> DIRECTIONS
An exact copy of the lines of the listing below between the "[경남도민뉴스=최민숙 기자] 칠곡군" line and the "- 【玉翠 美人の湯】自家源泉からの温泉は美肌成分豊富です。炭酸水素イオン" line, both included, is the whole answer; please omit the pictures.
RECORD EXCERPTS Start Marker
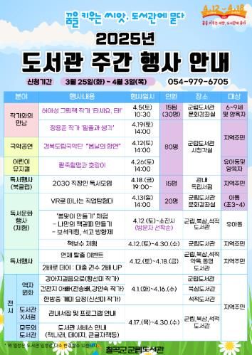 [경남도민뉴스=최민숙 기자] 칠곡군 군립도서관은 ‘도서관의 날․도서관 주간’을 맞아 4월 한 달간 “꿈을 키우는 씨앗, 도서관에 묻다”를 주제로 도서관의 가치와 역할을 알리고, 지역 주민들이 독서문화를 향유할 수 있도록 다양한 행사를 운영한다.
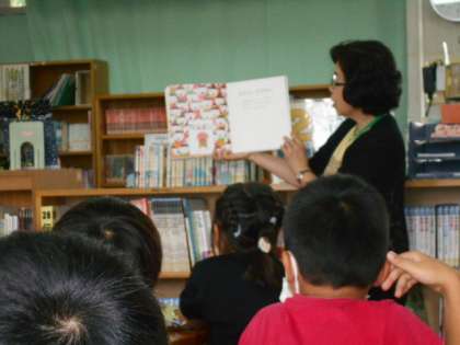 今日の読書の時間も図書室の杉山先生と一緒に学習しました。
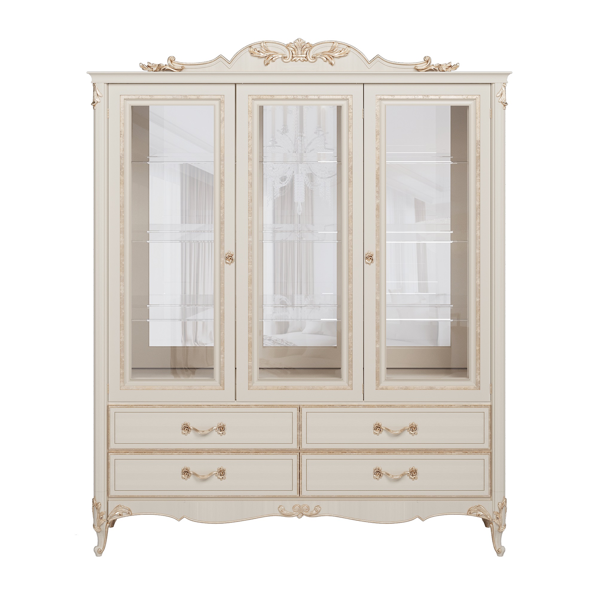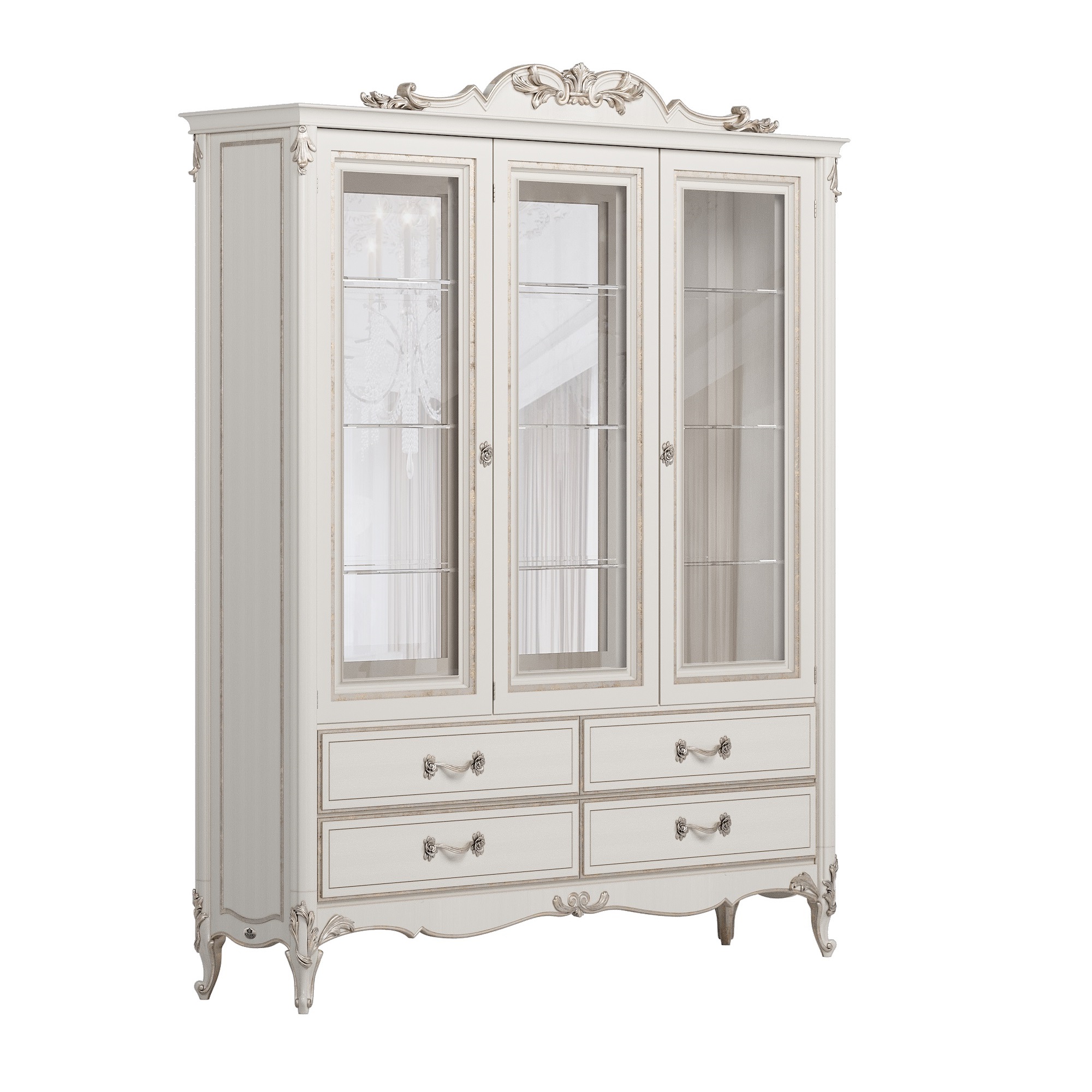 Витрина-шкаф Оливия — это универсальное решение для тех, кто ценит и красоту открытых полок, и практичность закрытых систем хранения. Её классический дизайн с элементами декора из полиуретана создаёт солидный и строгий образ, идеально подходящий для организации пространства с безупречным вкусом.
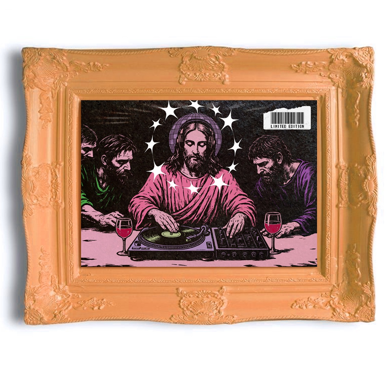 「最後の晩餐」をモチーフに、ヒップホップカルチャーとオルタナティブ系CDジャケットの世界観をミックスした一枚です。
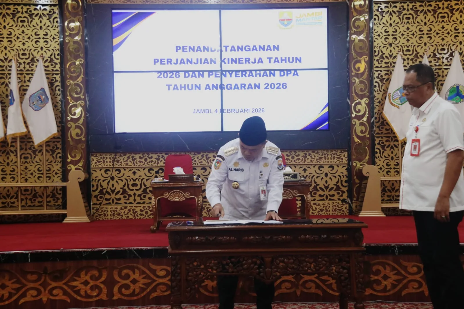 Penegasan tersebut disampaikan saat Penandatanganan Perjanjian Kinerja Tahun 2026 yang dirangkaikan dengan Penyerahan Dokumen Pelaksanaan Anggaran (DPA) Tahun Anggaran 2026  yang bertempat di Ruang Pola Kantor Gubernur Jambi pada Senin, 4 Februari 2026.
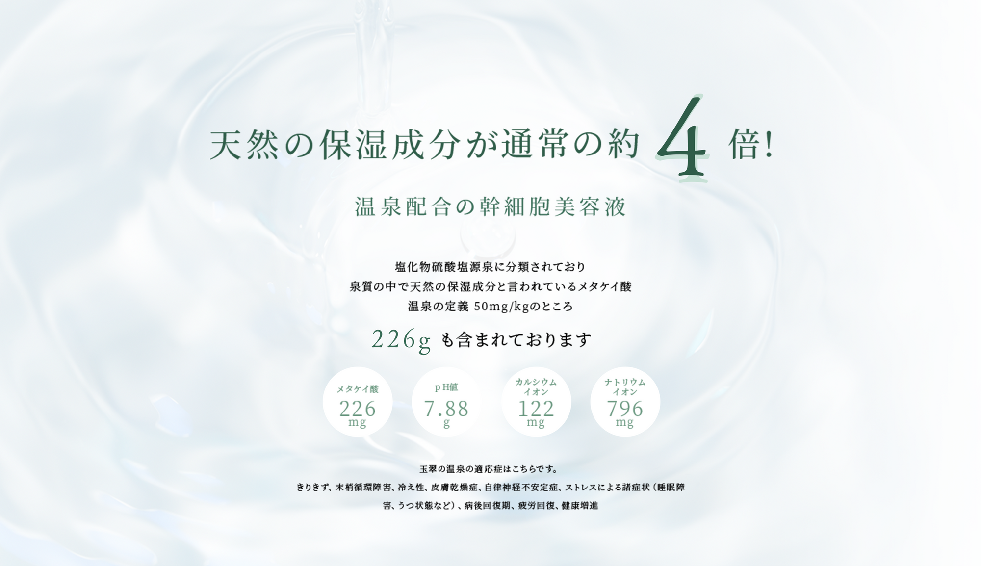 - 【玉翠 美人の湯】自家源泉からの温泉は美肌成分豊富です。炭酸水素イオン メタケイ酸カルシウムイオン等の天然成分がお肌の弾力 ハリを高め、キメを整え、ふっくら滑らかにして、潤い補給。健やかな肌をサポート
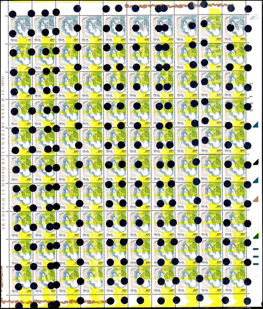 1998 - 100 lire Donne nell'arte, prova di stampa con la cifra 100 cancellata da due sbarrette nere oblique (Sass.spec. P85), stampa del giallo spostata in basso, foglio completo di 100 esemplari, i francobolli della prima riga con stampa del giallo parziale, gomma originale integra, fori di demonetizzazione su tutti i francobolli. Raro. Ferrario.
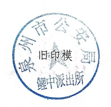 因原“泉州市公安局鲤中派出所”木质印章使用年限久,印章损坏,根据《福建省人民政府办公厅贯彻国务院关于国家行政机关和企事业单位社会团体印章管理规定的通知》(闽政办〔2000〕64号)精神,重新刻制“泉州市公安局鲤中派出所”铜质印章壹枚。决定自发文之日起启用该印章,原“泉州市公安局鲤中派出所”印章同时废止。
RECORD EXCERPTS End Marker
RECORD EXCERPTS Start Marker
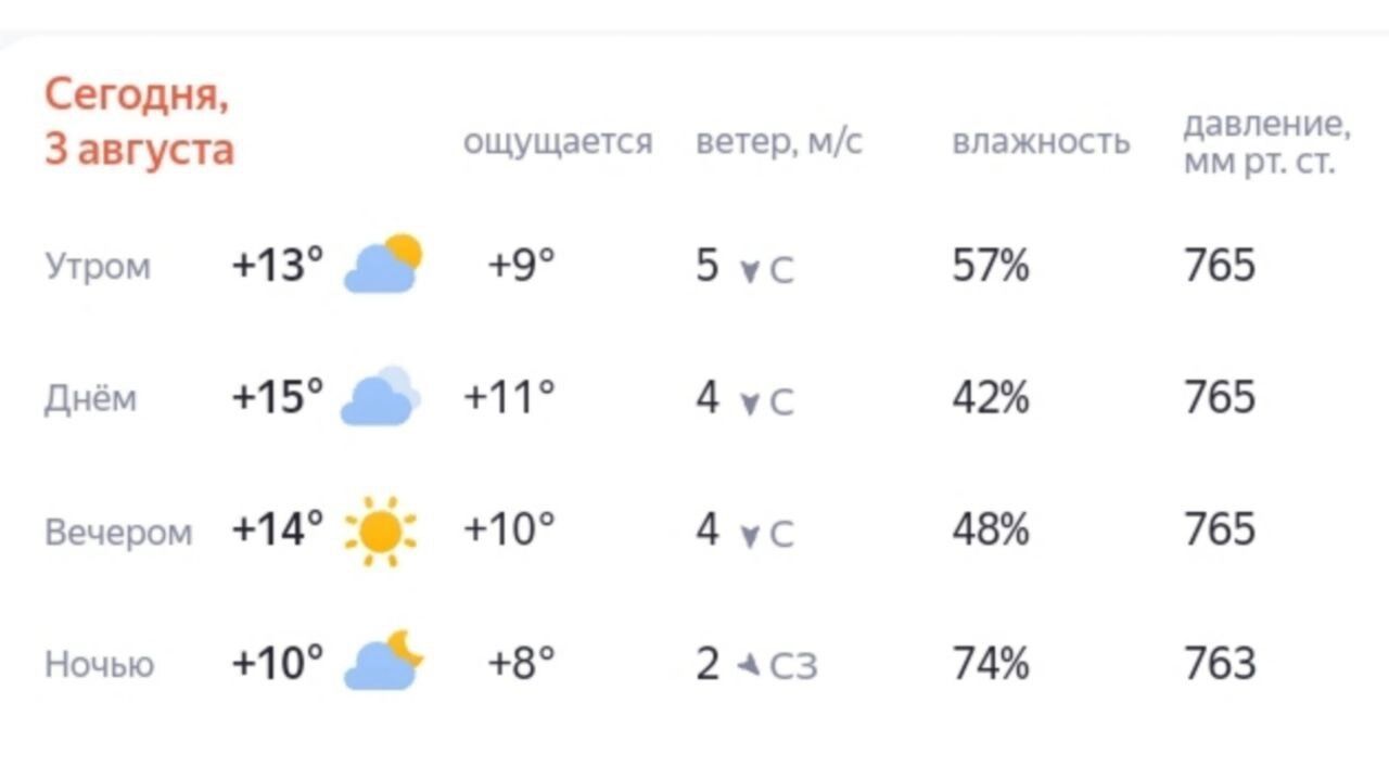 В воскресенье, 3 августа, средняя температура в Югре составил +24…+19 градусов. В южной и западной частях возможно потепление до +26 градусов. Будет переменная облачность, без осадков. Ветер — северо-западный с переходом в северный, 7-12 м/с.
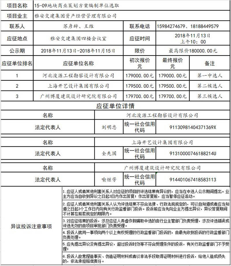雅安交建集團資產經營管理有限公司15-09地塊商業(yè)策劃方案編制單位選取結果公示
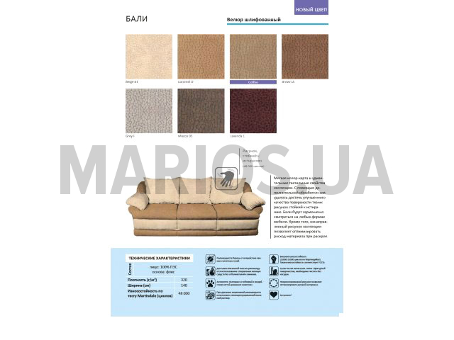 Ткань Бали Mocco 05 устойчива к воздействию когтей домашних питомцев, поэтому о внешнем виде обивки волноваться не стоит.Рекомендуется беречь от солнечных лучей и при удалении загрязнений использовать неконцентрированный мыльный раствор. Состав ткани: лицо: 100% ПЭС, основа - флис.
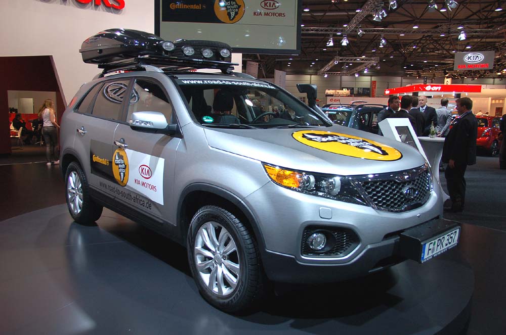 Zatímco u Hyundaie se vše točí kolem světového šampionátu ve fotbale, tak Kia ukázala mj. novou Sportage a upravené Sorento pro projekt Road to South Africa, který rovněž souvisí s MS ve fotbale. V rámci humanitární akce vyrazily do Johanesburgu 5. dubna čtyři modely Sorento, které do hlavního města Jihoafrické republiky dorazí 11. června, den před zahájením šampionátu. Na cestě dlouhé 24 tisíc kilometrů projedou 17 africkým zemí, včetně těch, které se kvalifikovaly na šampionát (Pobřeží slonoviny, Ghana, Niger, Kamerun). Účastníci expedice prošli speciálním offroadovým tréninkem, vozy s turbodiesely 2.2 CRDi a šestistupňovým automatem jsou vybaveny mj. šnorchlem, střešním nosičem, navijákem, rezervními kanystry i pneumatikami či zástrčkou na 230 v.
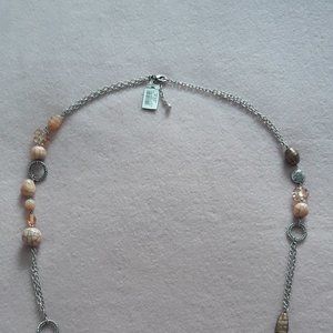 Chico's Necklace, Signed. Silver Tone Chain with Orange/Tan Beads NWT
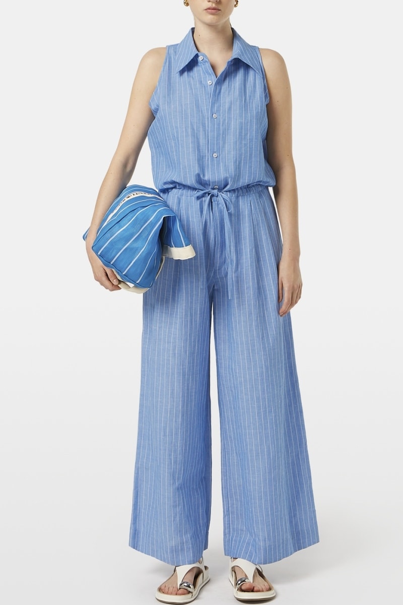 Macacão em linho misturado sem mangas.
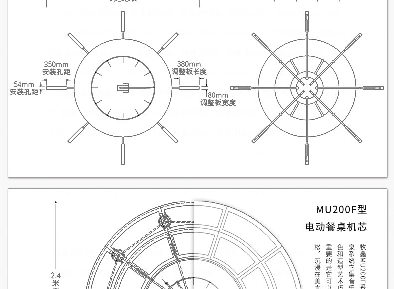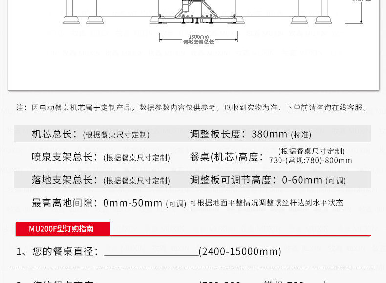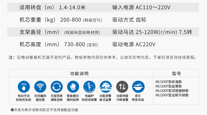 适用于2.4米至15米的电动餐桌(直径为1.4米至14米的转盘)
RECORD EXCERPTS End Marker
> EXERCISE RESPONSE
 [경남도민뉴스=최민숙 기자] 칠곡군 군립도서관은 ‘도서관의 날․도서관 주간’을 맞아 4월 한 달간 “꿈을 키우는 씨앗, 도서관에 묻다”를 주제로 도서관의 가치와 역할을 알리고, 지역 주민들이 독서문화를 향유할 수 있도록 다양한 행사를 운영한다.
 今日の読書の時間も図書室の杉山先生と一緒に学習しました。
 Витрина-шкаф Оливия — это универсальное решение для тех, кто ценит и красоту открытых полок, и практичность закрытых систем хранения. Её классический дизайн с элементами декора из полиуретана создаёт солидный и строгий образ, идеально подходящий для организации пространства с безупречным вкусом.
 「最後の晩餐」をモチーフに、ヒップホップカルチャーとオルタナティブ系CDジャケットの世界観をミックスした一枚です。
 Penegasan tersebut disampaikan saat Penandatanganan Perjanjian Kinerja Tahun 2026 yang dirangkaikan dengan Penyerahan Dokumen Pelaksanaan Anggaran (DPA) Tahun Anggaran 2026  yang bertempat di Ruang Pola Kantor Gubernur Jambi pada Senin, 4 Februari 2026.
 - 【玉翠 美人の湯】自家源泉からの温泉は美肌成分豊富です。炭酸水素イオン メタケイ酸カルシウムイオン等の天然成分がお肌の弾力 ハリを高め、キメを整え、ふっくら滑らかにして、潤い補給。健やかな肌をサポート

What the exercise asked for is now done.